Financial highlights

  • Q4 2025 vessel operating expenses were $17.1M; G&A was $5.6M, including $0.6M in non-recurring costs.

  • Spot market vessels earned $69,500/day; time charters averaged $49,400/day; combined fleet TCE was $60,300/day.

  • Ended Q4 with $79M in cash and $189M in total liquidity; interest-bearing debt at year-end was $428.7M.

  • Distributed $28.9M in dividends and invested $97.6M in vessels during Q4; net cash from operations in Q4 was $73.0M.

  • Voyage expenses for Q4 2025 decreased to $26.1M from $45.2M in Q4 2024 due to fewer vessels in the spot market.

Outlook and guidance

  • For Q1 2026, 76% of spot days booked at $78,900/day; time charter days covered at $43,300/day; 86% of total VLCC days booked at $62,300/day.

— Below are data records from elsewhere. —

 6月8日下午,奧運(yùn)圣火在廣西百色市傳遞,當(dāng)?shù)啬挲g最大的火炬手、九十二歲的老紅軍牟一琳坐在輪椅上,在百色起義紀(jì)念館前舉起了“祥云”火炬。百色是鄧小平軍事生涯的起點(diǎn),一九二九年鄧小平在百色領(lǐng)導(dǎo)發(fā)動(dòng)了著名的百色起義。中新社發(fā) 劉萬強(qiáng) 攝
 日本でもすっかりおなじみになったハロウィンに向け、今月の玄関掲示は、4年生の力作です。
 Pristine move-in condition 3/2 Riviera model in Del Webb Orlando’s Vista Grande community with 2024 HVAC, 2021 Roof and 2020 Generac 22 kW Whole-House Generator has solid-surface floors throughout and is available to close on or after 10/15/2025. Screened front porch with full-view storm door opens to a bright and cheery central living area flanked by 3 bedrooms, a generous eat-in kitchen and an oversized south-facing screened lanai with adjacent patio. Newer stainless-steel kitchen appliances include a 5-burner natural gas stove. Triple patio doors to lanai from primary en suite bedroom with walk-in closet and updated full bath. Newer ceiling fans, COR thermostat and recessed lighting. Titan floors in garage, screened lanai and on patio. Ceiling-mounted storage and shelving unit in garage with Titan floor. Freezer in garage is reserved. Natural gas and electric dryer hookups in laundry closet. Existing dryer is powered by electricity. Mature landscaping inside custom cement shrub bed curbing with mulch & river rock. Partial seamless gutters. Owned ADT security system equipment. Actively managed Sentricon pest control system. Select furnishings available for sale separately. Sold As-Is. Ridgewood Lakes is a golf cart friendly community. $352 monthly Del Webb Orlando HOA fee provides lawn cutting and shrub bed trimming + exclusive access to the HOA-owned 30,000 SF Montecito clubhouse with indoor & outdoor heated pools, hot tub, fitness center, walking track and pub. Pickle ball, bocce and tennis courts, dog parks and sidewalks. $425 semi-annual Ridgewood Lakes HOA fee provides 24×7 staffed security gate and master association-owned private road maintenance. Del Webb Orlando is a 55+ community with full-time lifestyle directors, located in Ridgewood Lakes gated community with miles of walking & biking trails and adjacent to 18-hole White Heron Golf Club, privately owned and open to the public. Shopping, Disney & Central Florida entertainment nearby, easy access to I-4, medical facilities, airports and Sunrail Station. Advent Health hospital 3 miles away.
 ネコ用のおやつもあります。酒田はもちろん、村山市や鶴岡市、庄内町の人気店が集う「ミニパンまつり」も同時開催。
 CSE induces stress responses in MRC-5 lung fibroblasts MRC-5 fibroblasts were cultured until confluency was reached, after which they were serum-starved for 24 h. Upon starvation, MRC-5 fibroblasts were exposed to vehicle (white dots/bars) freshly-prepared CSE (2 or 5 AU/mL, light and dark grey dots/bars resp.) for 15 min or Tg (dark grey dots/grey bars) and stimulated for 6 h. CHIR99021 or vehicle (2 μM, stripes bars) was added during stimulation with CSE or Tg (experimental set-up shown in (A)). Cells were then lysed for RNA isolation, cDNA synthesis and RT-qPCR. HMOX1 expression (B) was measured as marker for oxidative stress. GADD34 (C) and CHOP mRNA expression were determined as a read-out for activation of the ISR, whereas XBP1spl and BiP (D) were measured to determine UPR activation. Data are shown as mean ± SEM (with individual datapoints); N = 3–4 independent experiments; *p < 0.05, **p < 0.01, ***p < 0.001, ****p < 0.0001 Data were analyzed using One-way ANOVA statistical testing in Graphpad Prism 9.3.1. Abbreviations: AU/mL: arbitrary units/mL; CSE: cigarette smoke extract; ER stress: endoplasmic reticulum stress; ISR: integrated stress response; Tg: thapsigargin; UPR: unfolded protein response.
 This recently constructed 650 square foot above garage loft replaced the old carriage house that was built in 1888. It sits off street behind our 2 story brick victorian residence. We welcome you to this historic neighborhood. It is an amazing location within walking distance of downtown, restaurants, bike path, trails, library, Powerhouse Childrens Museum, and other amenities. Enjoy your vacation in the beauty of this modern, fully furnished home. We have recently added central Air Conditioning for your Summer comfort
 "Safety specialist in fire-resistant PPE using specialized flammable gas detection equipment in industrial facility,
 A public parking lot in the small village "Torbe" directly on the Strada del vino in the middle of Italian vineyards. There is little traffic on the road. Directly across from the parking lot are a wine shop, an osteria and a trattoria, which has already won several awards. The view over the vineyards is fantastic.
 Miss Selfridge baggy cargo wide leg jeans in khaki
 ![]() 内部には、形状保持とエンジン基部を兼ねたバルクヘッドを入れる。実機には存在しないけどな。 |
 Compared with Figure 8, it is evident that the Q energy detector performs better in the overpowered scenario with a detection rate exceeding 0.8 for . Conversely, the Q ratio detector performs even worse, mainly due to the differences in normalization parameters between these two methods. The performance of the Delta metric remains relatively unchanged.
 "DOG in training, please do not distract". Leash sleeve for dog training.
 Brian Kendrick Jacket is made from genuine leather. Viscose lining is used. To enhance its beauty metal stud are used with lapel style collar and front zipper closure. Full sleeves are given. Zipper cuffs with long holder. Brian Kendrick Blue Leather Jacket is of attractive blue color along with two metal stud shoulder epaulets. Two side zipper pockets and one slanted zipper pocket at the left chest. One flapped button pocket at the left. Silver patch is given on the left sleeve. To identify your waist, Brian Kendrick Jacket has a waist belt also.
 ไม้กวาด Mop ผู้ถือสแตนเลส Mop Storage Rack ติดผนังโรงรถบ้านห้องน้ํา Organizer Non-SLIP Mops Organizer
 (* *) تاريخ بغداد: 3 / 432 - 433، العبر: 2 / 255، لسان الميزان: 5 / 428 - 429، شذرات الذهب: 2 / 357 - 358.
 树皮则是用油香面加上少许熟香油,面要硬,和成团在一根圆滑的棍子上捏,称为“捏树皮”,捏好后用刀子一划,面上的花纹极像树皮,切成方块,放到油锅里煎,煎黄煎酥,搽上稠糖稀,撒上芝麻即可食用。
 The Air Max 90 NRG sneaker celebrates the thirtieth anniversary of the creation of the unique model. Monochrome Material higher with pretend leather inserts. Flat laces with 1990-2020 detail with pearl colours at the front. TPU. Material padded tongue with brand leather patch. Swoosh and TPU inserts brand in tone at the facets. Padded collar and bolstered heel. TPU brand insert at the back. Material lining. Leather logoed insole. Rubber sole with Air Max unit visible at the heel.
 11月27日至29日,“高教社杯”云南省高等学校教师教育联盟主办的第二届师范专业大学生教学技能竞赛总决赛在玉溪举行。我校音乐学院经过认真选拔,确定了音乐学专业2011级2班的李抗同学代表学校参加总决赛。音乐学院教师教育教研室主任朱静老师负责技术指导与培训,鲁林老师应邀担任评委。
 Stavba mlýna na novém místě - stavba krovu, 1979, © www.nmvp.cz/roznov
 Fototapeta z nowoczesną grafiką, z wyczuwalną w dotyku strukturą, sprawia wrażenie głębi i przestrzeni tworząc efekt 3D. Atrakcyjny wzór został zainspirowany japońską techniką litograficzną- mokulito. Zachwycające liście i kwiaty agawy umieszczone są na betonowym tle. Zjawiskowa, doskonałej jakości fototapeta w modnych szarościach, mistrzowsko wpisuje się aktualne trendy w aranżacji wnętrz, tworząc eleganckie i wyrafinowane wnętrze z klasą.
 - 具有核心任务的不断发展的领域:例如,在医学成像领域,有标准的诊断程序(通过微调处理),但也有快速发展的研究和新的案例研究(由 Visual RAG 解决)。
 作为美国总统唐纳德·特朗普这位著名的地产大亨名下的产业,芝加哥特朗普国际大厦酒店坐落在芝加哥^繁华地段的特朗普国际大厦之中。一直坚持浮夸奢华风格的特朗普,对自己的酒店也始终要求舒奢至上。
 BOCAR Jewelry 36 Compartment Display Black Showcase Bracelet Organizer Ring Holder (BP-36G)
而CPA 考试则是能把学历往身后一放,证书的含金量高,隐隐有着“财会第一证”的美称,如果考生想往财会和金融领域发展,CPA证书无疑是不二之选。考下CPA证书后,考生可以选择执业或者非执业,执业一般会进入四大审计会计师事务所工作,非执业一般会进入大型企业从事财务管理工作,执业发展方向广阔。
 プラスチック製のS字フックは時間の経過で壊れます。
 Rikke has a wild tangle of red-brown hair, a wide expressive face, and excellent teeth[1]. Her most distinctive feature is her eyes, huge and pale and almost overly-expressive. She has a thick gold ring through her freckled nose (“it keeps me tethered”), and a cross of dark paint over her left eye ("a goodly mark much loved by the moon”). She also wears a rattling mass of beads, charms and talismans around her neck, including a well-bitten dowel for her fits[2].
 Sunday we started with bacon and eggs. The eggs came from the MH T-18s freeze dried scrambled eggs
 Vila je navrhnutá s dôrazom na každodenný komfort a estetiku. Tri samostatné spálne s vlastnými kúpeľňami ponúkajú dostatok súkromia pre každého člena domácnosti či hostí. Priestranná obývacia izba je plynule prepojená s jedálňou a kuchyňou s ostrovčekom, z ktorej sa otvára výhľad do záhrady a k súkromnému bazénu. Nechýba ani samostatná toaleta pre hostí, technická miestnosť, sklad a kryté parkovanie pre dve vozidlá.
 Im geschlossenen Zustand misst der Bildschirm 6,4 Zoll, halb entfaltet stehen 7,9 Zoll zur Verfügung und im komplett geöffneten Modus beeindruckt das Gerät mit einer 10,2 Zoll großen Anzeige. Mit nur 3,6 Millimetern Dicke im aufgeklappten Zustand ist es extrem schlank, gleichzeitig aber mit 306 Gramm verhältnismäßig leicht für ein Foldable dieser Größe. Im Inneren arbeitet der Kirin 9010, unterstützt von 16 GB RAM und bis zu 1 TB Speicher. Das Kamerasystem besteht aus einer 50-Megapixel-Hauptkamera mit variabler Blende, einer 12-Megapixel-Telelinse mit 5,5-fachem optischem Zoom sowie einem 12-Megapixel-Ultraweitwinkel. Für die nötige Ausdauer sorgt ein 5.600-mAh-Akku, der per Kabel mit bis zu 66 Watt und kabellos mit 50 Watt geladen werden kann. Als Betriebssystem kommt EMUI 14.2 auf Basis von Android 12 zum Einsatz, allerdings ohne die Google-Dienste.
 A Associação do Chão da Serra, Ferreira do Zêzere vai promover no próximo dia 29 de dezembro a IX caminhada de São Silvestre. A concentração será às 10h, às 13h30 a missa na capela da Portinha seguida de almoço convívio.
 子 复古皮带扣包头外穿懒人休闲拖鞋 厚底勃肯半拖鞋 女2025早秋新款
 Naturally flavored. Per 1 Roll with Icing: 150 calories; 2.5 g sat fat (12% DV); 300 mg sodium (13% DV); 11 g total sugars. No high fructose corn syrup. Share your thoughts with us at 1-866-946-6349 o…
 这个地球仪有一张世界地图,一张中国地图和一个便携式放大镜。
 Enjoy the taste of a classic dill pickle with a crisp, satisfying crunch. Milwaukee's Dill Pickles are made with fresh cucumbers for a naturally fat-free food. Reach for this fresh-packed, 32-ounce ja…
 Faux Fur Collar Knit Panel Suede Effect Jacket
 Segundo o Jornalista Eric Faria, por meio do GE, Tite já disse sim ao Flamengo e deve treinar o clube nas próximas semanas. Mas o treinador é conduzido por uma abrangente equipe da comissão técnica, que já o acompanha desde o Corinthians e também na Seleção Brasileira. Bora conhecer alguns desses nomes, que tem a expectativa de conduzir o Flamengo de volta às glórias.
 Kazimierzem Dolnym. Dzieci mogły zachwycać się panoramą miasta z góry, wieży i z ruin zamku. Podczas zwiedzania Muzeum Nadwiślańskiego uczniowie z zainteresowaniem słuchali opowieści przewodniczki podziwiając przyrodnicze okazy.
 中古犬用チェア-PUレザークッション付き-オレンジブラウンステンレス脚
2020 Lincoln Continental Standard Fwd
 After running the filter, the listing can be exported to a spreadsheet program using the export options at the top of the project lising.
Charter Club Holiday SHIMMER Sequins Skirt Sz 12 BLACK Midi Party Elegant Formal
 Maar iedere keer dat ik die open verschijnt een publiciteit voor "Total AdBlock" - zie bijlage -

  • Spot P&L break-even for Q1 2026 estimated at $18,300/day; estimated 2026 spot cash break-even at $17,500/day.

  • Four newbuild VLCCs scheduled for delivery in H1 2026, increasing exposure to favorable rates.

  • Market outlook remains constructive, with increased spot exposure and anticipated premium for reliability amid fleet consolidation.